Тогда мы ничего этого не знали, но властно и незаметно, словно времена года, чай учил альтернативному (хотя бы по отношению к водке) сознанию. Именно он, верю я и сегодня, спас нас от беспробудного пьянства, в которое легко было впасть от беспомощного безделья, мучившего всех в поздний застой.

Похлёбкин жаловался, что беспрецедентный для любой кулинарной книги успех “Чая” окончательно поссорил его с властью. В органах решили, что эта книга воспитывает диссидентов.

– О чем еще, – рассуждали кому положено, – можно беседовать во время бесконечных чаепитий, как не о проделках нашей власти.

Что-то в этом есть. Чайная церемония за столом без бутылок под негромкую беседу без грубых шуток располагала к тому задушевному общению, что отдаляет мир, позволяя его увидеть чистыми глазами. Немудрено, что от такого взгляда власть казалась дурной и нелепой, и Похлёбкину это справедливо ставили на вид.

3

– Чай и кофе, – рискну сказать, – инь и ян мировой души, и склеится она, только объединив две противоположности.

Похоже, что к тому и идет: статистика доносит, что в США 86 % миллениалов (так называют поколение, обживающее XXI век) пьют чай. А ведь раньше в Америке чай понимали лишь ледяным и топили в нем половину сахарницы.
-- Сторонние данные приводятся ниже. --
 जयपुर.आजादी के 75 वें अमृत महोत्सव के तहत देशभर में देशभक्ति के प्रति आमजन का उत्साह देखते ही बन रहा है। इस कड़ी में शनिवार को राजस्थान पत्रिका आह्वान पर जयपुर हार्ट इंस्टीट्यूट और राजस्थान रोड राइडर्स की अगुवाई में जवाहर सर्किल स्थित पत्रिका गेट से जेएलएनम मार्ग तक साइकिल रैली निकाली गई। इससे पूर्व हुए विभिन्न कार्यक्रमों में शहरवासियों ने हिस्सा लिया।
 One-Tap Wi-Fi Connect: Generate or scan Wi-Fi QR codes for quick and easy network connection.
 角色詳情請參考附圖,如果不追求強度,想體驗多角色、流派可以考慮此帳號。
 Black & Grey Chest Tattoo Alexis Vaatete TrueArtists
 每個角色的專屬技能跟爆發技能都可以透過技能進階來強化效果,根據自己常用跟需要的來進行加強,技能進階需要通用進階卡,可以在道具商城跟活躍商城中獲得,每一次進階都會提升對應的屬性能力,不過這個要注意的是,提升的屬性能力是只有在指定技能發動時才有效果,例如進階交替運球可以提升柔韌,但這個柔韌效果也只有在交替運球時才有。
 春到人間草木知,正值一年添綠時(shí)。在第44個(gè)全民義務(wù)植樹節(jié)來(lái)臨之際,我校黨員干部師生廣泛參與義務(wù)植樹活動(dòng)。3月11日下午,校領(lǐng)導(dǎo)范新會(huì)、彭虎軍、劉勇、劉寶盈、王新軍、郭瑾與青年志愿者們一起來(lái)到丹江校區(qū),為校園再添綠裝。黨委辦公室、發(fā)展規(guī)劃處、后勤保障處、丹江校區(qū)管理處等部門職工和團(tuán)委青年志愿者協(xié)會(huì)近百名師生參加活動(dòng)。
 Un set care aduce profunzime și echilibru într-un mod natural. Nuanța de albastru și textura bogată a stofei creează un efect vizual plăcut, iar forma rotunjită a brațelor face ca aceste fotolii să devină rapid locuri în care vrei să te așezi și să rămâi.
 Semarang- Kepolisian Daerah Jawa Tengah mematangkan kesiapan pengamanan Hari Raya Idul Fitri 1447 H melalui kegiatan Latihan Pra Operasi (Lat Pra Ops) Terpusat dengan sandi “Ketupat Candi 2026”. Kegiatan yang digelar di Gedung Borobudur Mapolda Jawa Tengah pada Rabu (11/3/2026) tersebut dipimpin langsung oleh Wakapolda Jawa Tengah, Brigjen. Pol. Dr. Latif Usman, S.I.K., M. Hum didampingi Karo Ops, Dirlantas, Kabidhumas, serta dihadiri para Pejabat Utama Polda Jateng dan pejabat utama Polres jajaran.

86 %: эта цифра подсказывает что-то важное, ибо задевает нечто сокровенное. Я и раньше слышал, что свет идет с Востока, но, наверное, он уже дошел, раз чай теснит кофе, как суши – гамбургеры.

Сегодня чай в Америке, играя в ту же игру, что кофе в “Старбаксе”, демонстрирует союз вкуса и статуса. Чай пить престижно, потому что для этого надо кое-что знать: ценить дорогие сорта, выучить их поэтические названия и навсегда отказаться от унизительного удобства чайных пакетиков. Справившись с этим, молодежь вместе с чаем открывает Азию. Растворившись в Западе, она насытила его собой, изменив аромат уже не совсем нашей культуры.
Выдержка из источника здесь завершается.